Patients’ suspicions of data breaches cause some of them to hold back information on their health from their doctors, said a new survey on HIPAA breaches from Software Advice.
Almost a quarter of patients (21%) are withholding personal health information from their doctors. While the majority of the sample (79%) said this “rarely or never” happens, it is significant that 21 percent of patients withhold personal information from their physicians specifically because they are concerned about a security breach, according to the researchers.
Nearly half (45%) of the 243 surveyed patients reported that they are at least moderately concerned about a security breach involving their personal health information, with the majority (47%) saying they fear becoming the victim of fraud or identity theft, said a Healthcare Informatics article on the survey.
More than half (54%) said they would switch providers in response to a data breach, but 37% said they would reconsider this decision if the provider demonstrated that it was taking steps to improve security, including providing specific examples of how the practice’s security policies and procedures had improved after the breach.
The survey results showed patients are most likely to change doctors if their medical staff caused a data security breach, and least likely to switch providers if the source of the breach was external, e.g. a cyber attacker.

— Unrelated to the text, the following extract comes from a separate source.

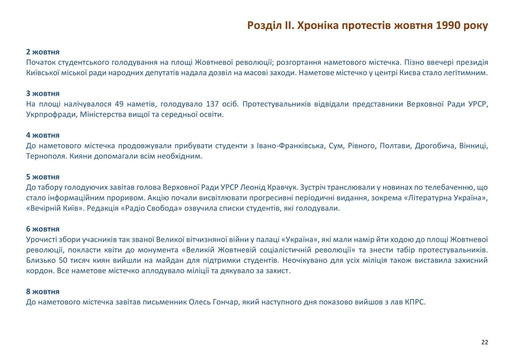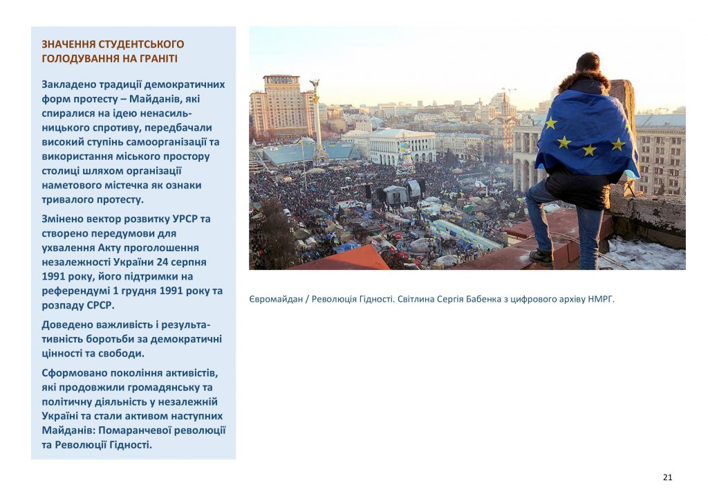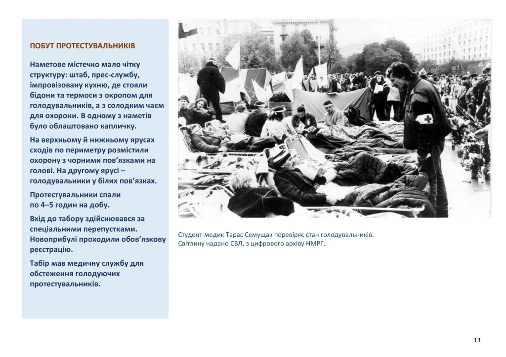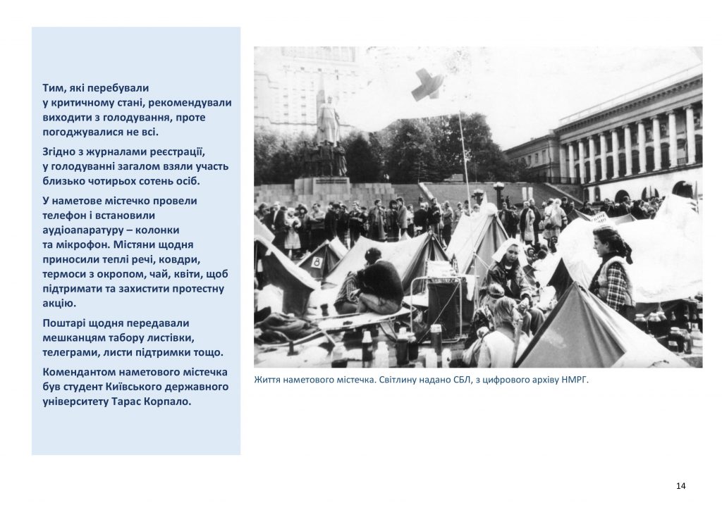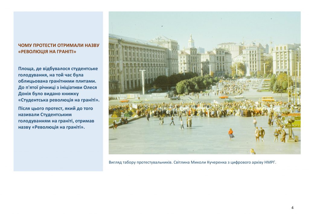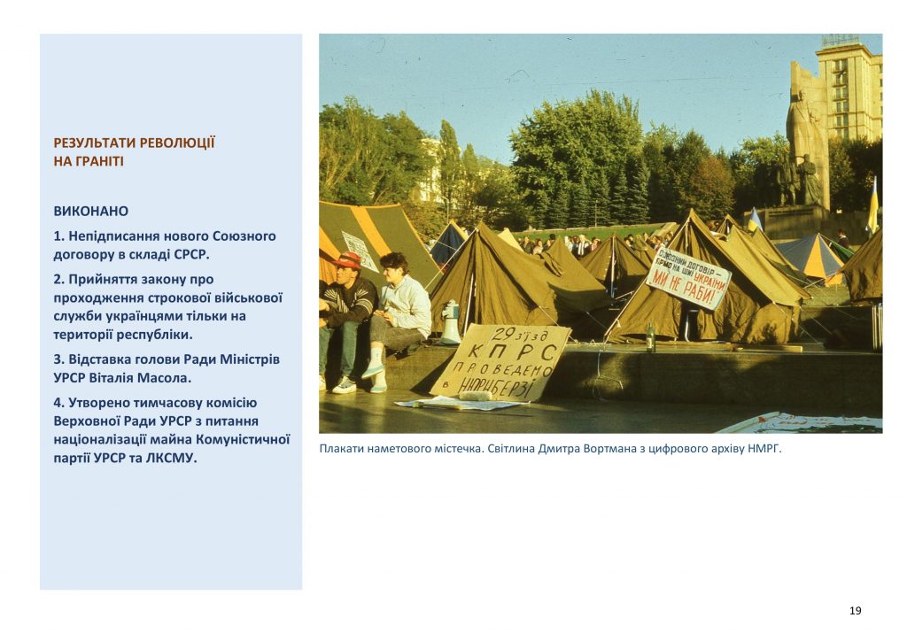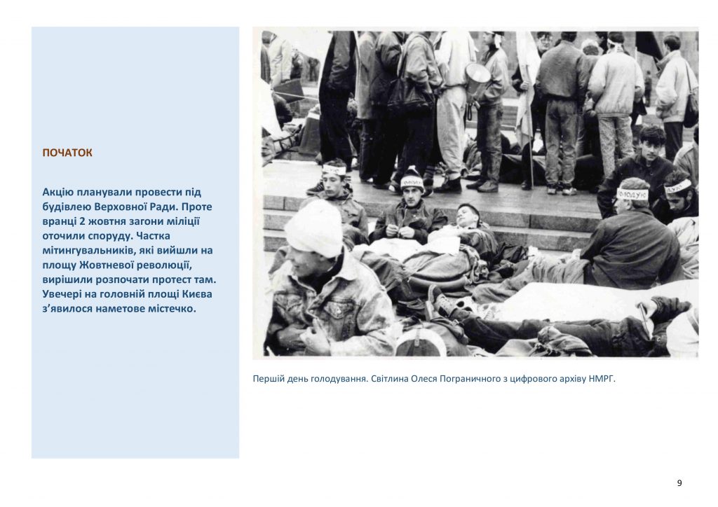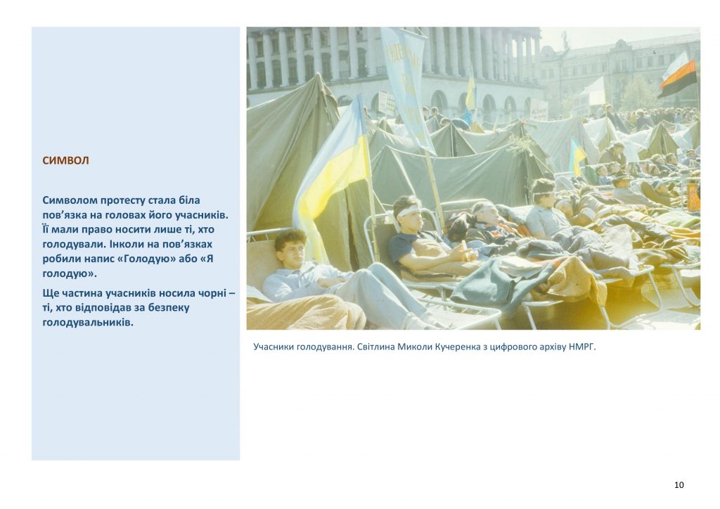 Голодування було визнано оптимальною формою протесту, яка давала можливість, на думку організаторів, домогтися поставлених цілей. Так почалися події, що увійшли в історію як Революція на граніті. Вони стали каталізатором змін, що посприяли відновленню української незалежності, боротьба за яку тривала впродовж ХХ століття: від проголошення УНР, діяльності ОУН й УПА, шістдесятників, дисидентів до українських Майданів, серед яких першим масовим протестом стали події жовтня 1990 року на гранітних плитах середмістя Києва.

“Patients surveyed react more negatively to medical staff-related breaches than hacker-related ones,” said Gaby Loria, a market researcher for Software Advice. “In other words, shortcomings in your staff management practices drive more patients away than vulnerabilities in your digital healthcare data storage system.”
Indeed, as a 2014 Beazley P.L.C. study found that the two most common sources of breaches have to do with human/staff error: They’re from misdirected emails and faxes (31% of the data breaches) and the physical loss of paper records (24%).